When averaged over years, the mean number of fruits per plant increased linearly with increasing population size in O. purpurea, but showed a unimodal pattern in N. ovata (figure 2a,b). Fruit number was low in populations containing less than 20 individuals, increased for populations with a size between 20 and 300 flowering individuals and decreased again once populations contained more than 300 individuals (figure 2a). Patterns of variation in fruit set, on the other hand, were consistent between species (figure 2c,d). Small populations showed very high variation in fruit set relative to the average number of fruits produced (denoted by low S-values), whereas large populations showed very high stability in fruit set. In both species, temporal stability in fruit set (S) increased linearly with the logarithm of population size.
Relationship between population size (number of flowering individuals) and (a and b) fruit set averaged over years (±s.e.) and (c and d) temporal variation of average annual fruit production, calculated as S = μ/σ, in the woodland ...
Fruit production in the rewarding N. ovata was significantly higher than that of the deceptive O. purpurea and confirms earlier findings that fruit set in rewarding species is generally much higher than that of non-rewarding species (Neiland & Wilcock 1998; Tremblay et al. 2005). Although species responded differently to the observed variation in weather conditions, in both species, fruit production was very low in 2004, particularly in the smallest populations. From the climatic data (appendix S2 in the electronic supplementary material), it is clear that May 2004 was abnormally cold compared with the other years (on average 1.65°C colder). It can be hypothesized that pollination of these orchid species is temperature related, as warmer months are generally associated with high pollination success, whereas cold months are related to low fruit production. Since both species are primarily pollinated by bees and wasps, it is plausible that cold weather delays emergence and/or reduces foraging activity of these insects.

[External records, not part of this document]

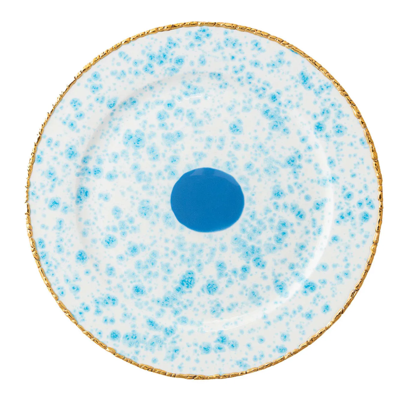 This Rim Charger, characterized by a Craquelé Edge, is entirely hand-decorated. Small imperfections, subsidence, and ripples of the surface are deliberately present and they are a feature of the product, proving the hand-made manufacturing procedure.
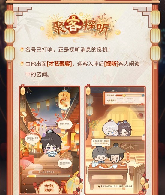 由他出面才艺聚客,迎客入座后即可探听客人闲谈中的密闻。
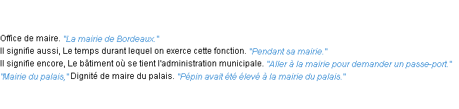 Ancienne signification éditée en 1835 pour le terme « mairie » par l’Académie Française.
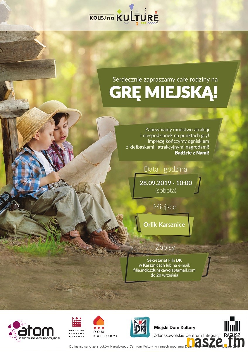 Gra miejska odbędzie się w godzinach 10:00 - 12:30 (zbiórka na boisku Orlik). Udział jest bezpłatny. Przewidziano również nagrody. Pozostało jeszcze kilka wolnych miejsc. Osoby zainteresowane udziałem proszone są o kontakt z filią Miejskiego Domu Kultury w Karsznicach.
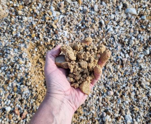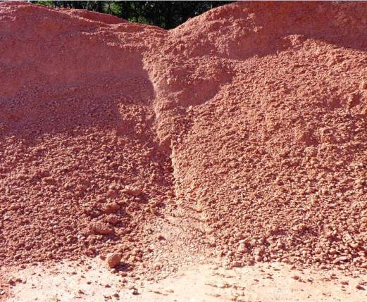 Saibro virgem, utilizado em compactação e regularização de solo.
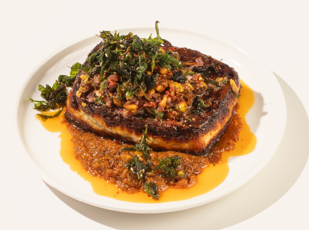 HALLOUMI, ROASTED, PISTACHIO, TOMATO CHUTNEY, ALLEPO PEPPER, CRISP HERBS
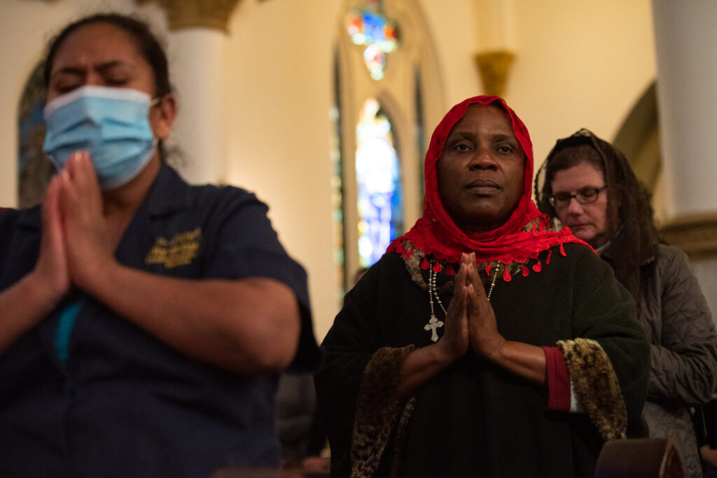 Fieles oran de pie durante la Misa en memoria del Papa Benedicto XVI en la Catedral de Guadalupe en Dallas, el 5 de enero. (Especial para RC/Ben Torres)
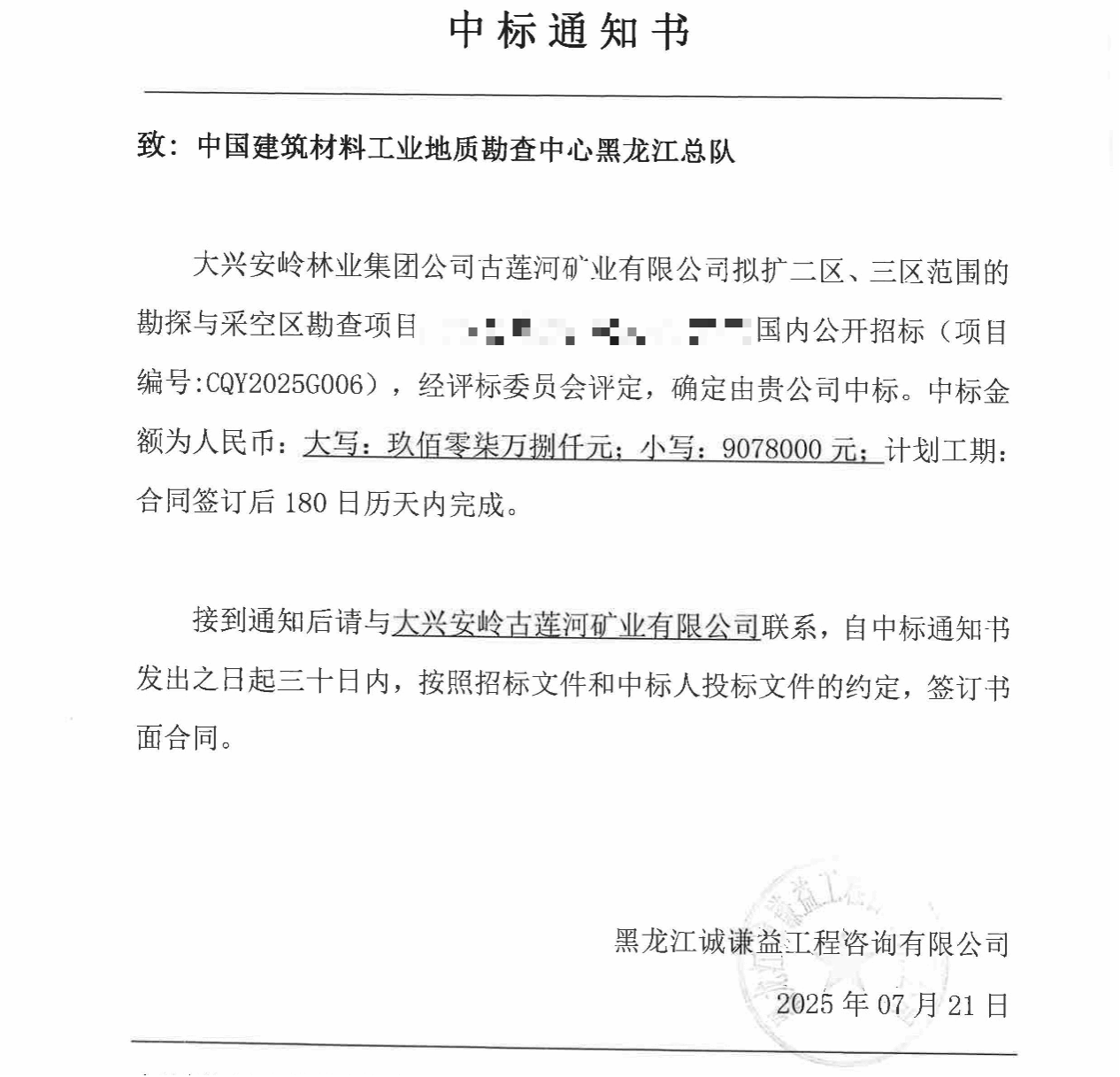 火熱盛夏、奮斗正酣。黑龍江總隊市場開拓步履鏗鏘,捷報喜傳。7月16日,總隊地質環境院中標大興安嶺林業集團公司古蓮河礦業有限公司古蓮河露天煤礦擬擴二區、三區范圍的勘探+采空區勘查項目。合同金額近千萬,刷新總隊2025年地質勘探單個項目金額記錄。這是總隊成立50余年來,首次踏入露天煤礦勘探“無人區”,一次性包攬采空區“地雷排查”硬任務,實現從“0”到“1”的歷史性跨越。
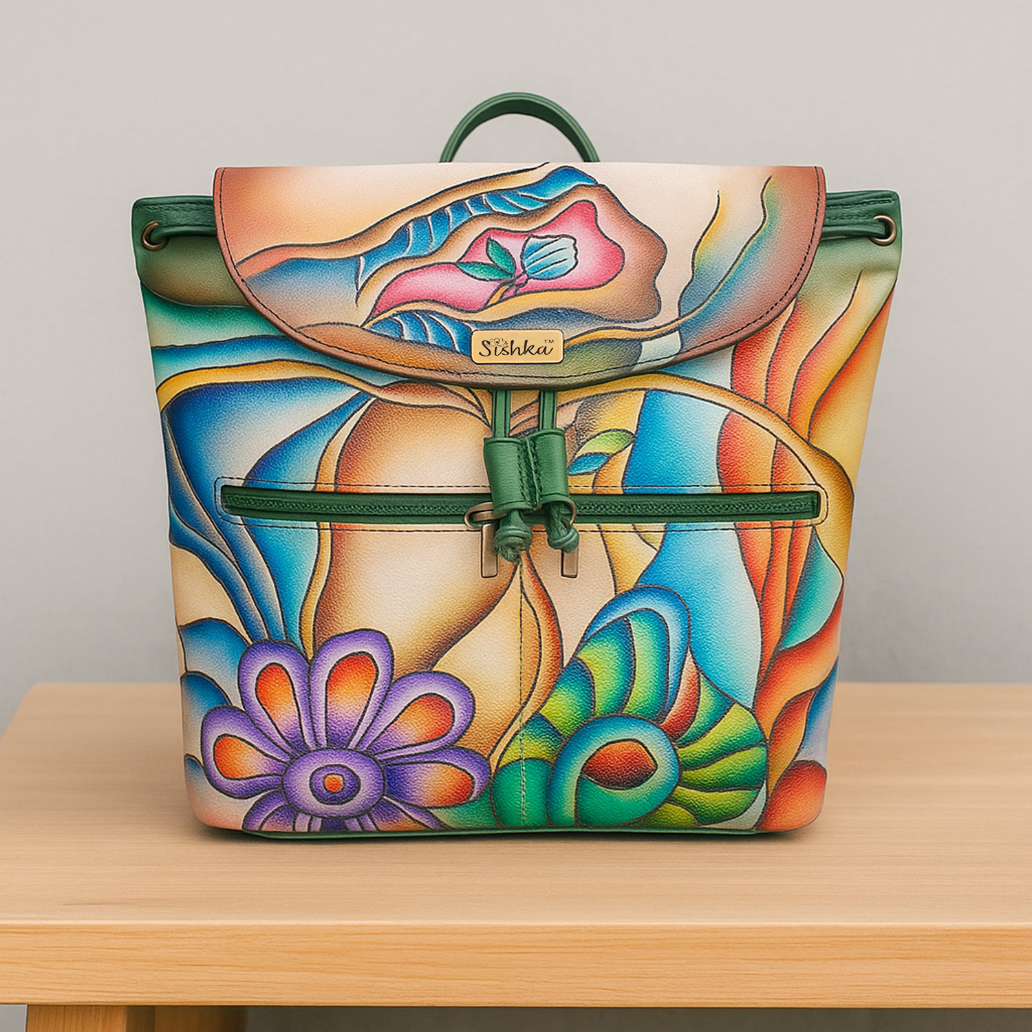 Hand-Painted Turquoise Triangle Backpack with Adjustable Straps

Small populations had a lower fruit production and showed much more variation in fruit production relative to the mean than large populations, suggesting that large populations are better buffered against variable weather conditions. This is most likely a consequence of inadequate pollinator visitation in small populations, resulting in strong pollinator limitation. Pollination experiments have indeed shown that fruit set increases to more than 80 per cent when plants are hand-pollinated with supplemental pollinaria (Jacquemyn et al. 2007; Brys et al. 2008). Bees and wasps often forage in a local range and can therefore be expected to avoid small unprofitable patches. Low visitation rates in small populations can become particularly manifest when weather conditions are unfavourable, so that small populations are completely overlooked by foraging insects in bad years, resulting in the observed variance in fruit production.
Because extinction risks in natural populations depend on various factors that contribute to stochasticity (Melbourne & Hastings 2008), the observed high variation in fruit production in small populations can be expected to contribute to the overall variance in population growth and thus to the risk of stochastic extinction. Given that the degree of climatic variability among successive time periods is most likely to change in the coming decades, small orchid populations may become extremely vulnerable to extinction in the future. Understanding the contribution of highly variable fruit production caused by changing environmental conditions to population growth therefore deserves more attention.